— Aim of the task —
Give the listing again character for character, but drop the images.

— Supplied information —
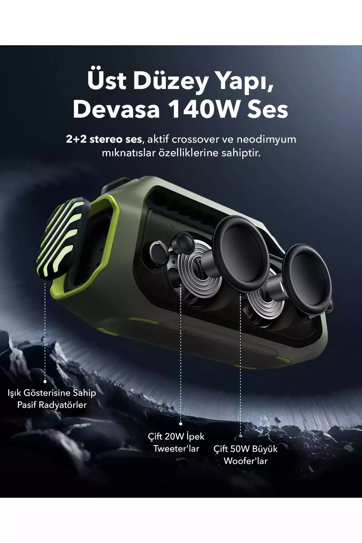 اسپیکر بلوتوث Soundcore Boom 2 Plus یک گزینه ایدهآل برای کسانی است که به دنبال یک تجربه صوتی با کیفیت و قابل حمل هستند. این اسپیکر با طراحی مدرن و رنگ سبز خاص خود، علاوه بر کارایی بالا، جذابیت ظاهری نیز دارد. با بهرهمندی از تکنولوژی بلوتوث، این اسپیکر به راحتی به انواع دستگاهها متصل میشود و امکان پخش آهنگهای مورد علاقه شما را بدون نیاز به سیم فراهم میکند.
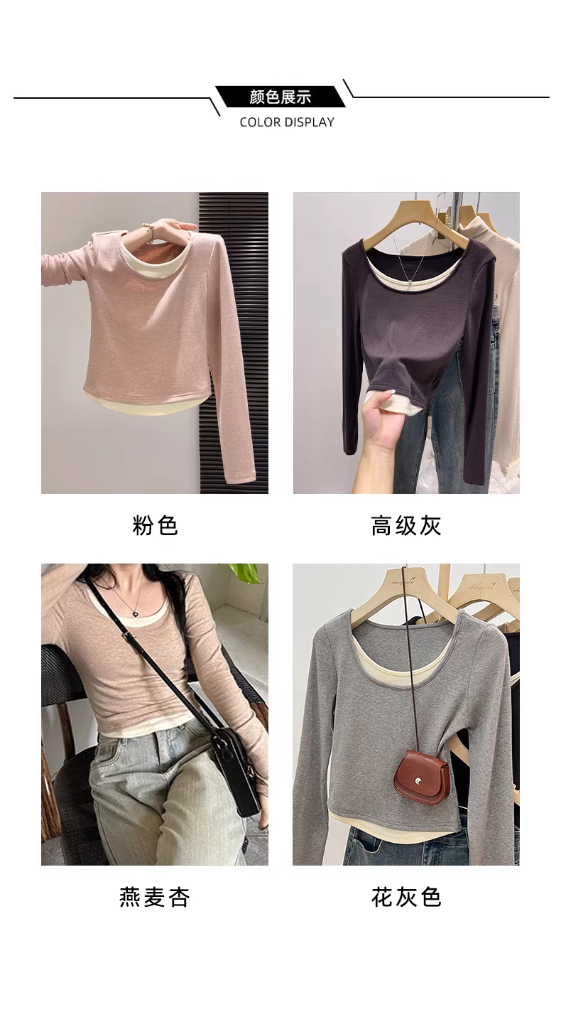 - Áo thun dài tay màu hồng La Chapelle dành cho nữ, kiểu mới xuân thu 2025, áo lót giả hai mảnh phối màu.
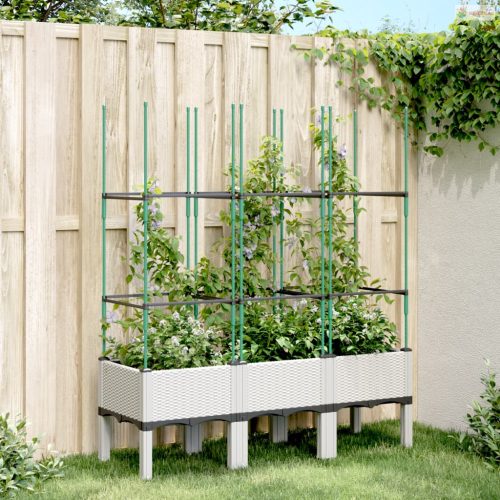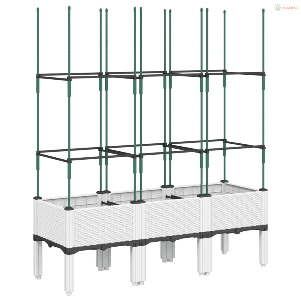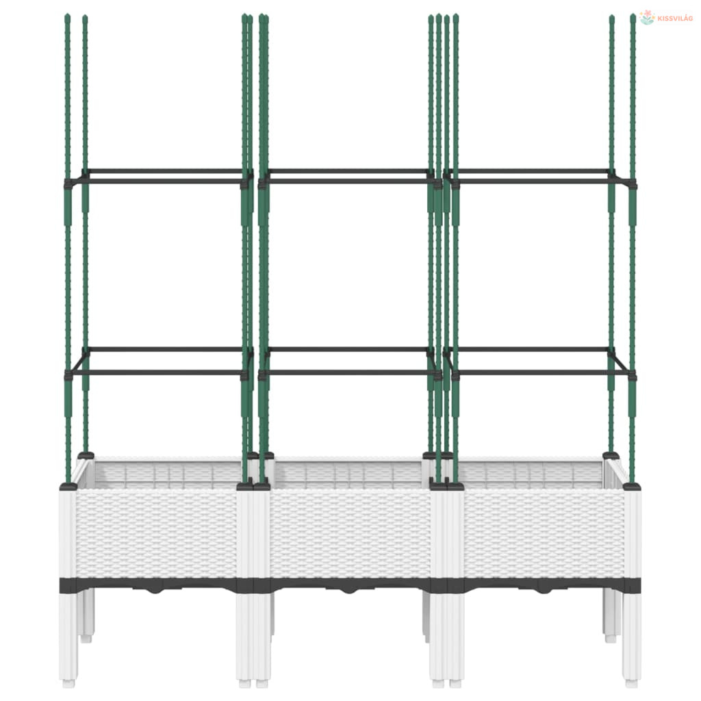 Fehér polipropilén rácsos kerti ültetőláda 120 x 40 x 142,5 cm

— The answer —
 اسپیکر بلوتوث Soundcore Boom 2 Plus یک گزینه ایدهآل برای کسانی است که به دنبال یک تجربه صوتی با کیفیت و قابل حمل هستند. این اسپیکر با طراحی مدرن و رنگ سبز خاص خود، علاوه بر کارایی بالا، جذابیت ظاهری نیز دارد. با بهرهمندی از تکنولوژی بلوتوث، این اسپیکر به راحتی به انواع دستگاهها متصل میشود و امکان پخش آهنگهای مورد علاقه شما را بدون نیاز به سیم فراهم میکند.
 - Áo thun dài tay màu hồng La Chapelle dành cho nữ, kiểu mới xuân thu 2025, áo lót giả hai mảnh phối màu.
 Fehér polipropilén rácsos kerti ültetőláda 120 x 40 x 142,5 cm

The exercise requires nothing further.